(Items listed in a dataset)

────

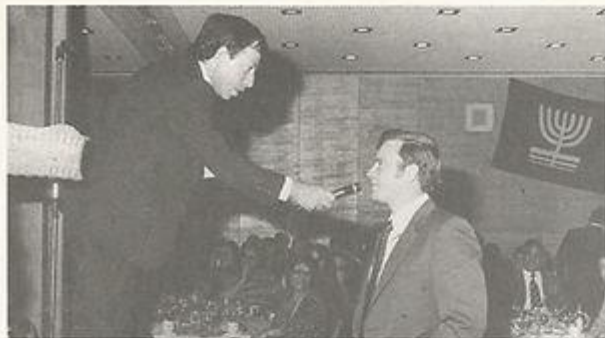
מיר לסקוביץ מגריל ברטים טיסה כמול לרומא וחזרה.
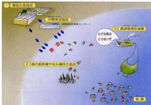
姫路市ホームページより
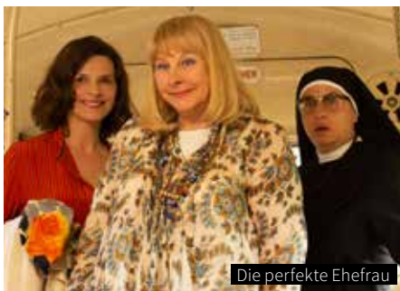
Die perfekte Ehefrau
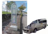
コミュニティバス 通学全額補助
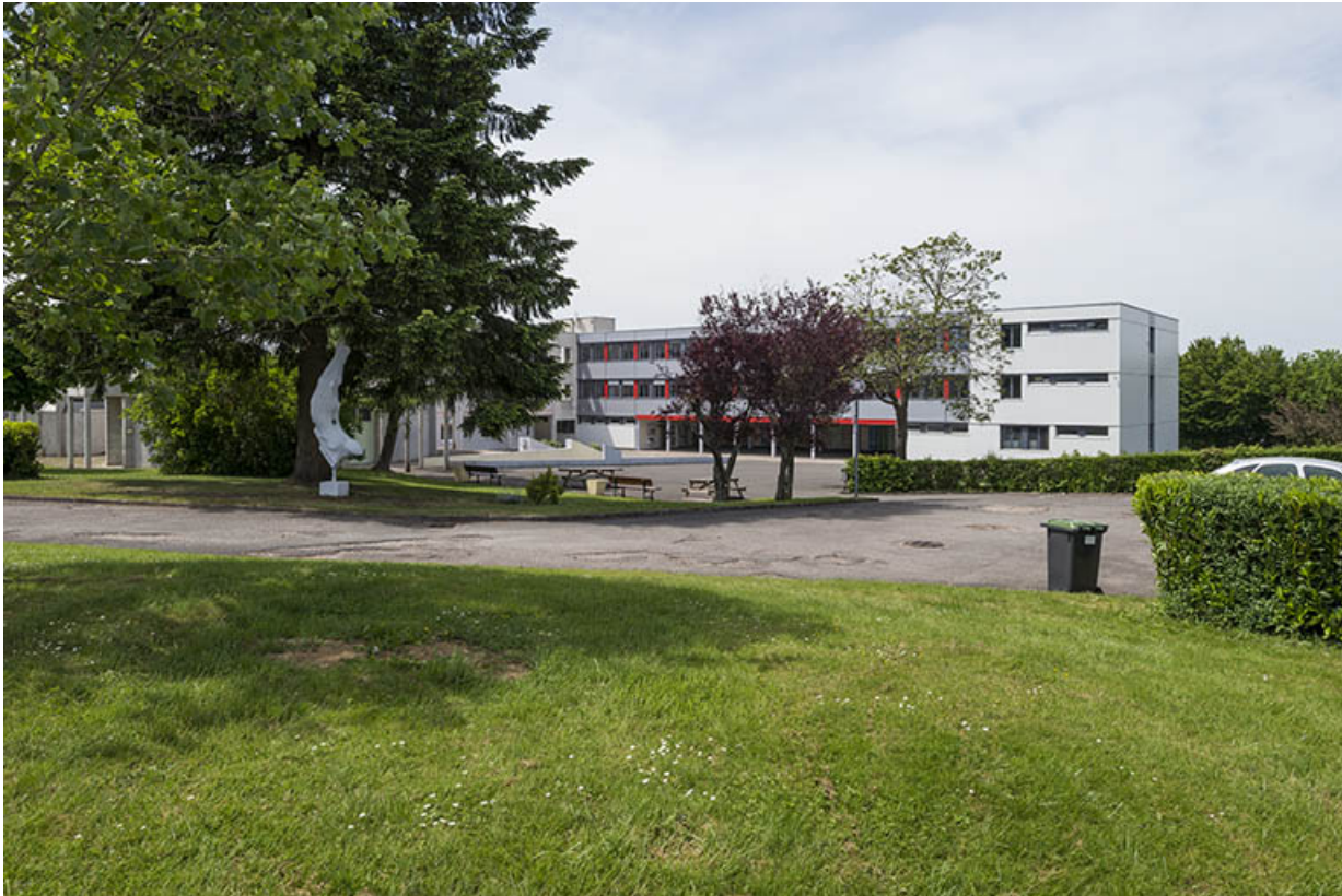
Vue d'ensemble depuis le sud : la cour et la sculpture d'Oudot.
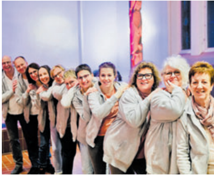
Der Chor „Beside You Gospel“ verspricht einen Abend voller Energie, Gefühl und Lebensfreude

Mit einem mitreißenden Mix aus klassischen und modernen Gospelstücken verspricht der Chor einen Abend voller Energie, Gefühl und Lebensfreude. Mal kraftvoll und rhythmisch, mal leise und berührend – die Sängerinnen und Sänger nehmen ihr Publikum mit auf eine emotionale musikalische Reise, die lange nachklingt. „Ein Abend, der unter die Haut geht!“, versprechen die Organisatoren. Der Eintritt ist frei, Spenden sind herzlich willkommen.
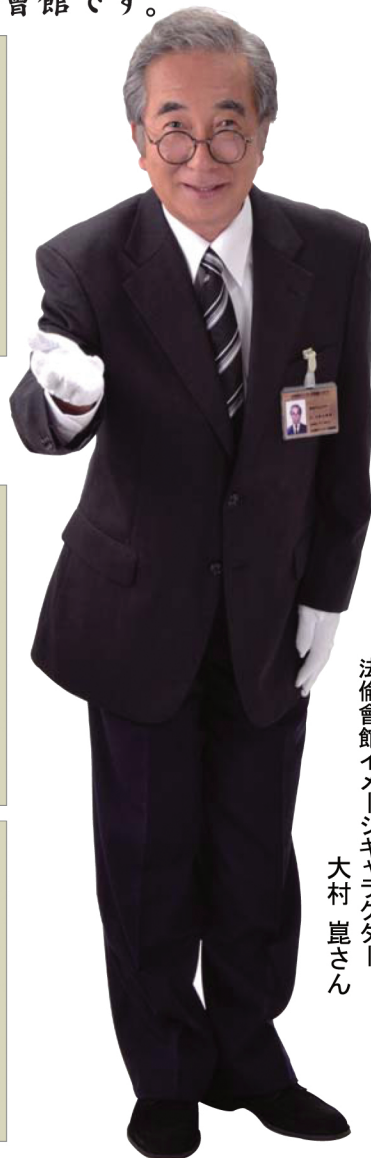
法倫會館イメージキャラクター 大村 崑さん
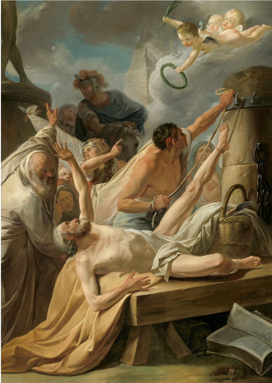
Le martyre de saint Barthélemy
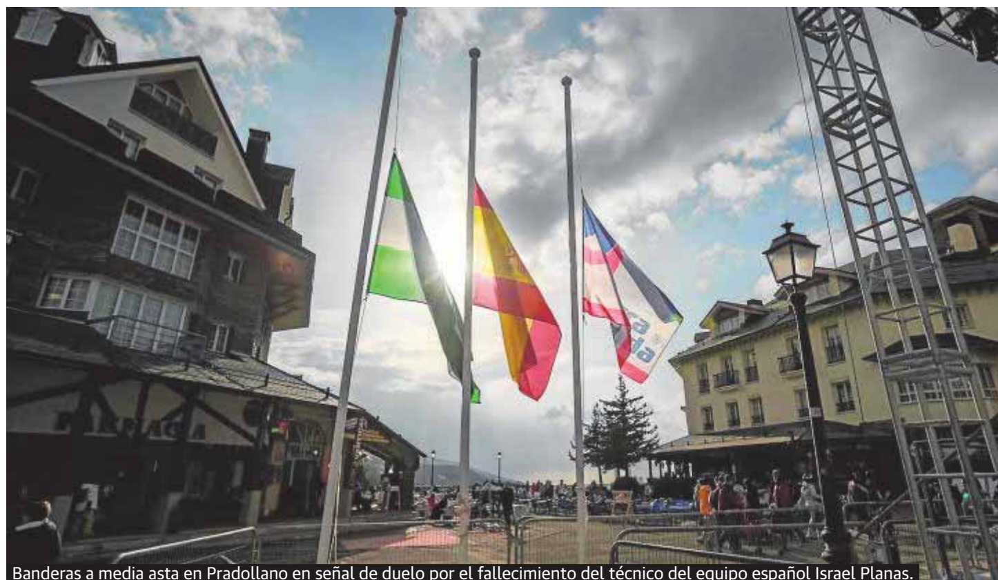
Banderas a media asta en Pradollano en señal de duelo por el fallecimiento del técnico del equipo español Israel Planas.

────

* _Exercise brief_
Return each line above word for word. Skip the pictures.

* _Answer_
מיר לסקוביץ מגריל ברטים טיסה כמול לרומא וחזרה.
姫路市ホームページより
Die perfekte Ehefrau
コミュニティバス 通学全額補助
Vue d'ensemble depuis le sud : la cour et la sculpture d'Oudot.
Der Chor „Beside You Gospel“ verspricht einen Abend voller Energie, Gefühl und Lebensfreude

Mit einem mitreißenden Mix aus klassischen und modernen Gospelstücken verspricht der Chor einen Abend voller Energie, Gefühl und Lebensfreude. Mal kraftvoll und rhythmisch, mal leise und berührend – die Sängerinnen und Sänger nehmen ihr Publikum mit auf eine emotionale musikalische Reise, die lange nachklingt. „Ein Abend, der unter die Haut geht!“, versprechen die Organisatoren. Der Eintritt ist frei, Spenden sind herzlich willkommen.
法倫會館イメージキャラクター 大村 崑さん
Le martyre de saint Barthélemy
Banderas a media asta en Pradollano en señal de duelo por el fallecimiento del técnico del equipo español Israel Planas.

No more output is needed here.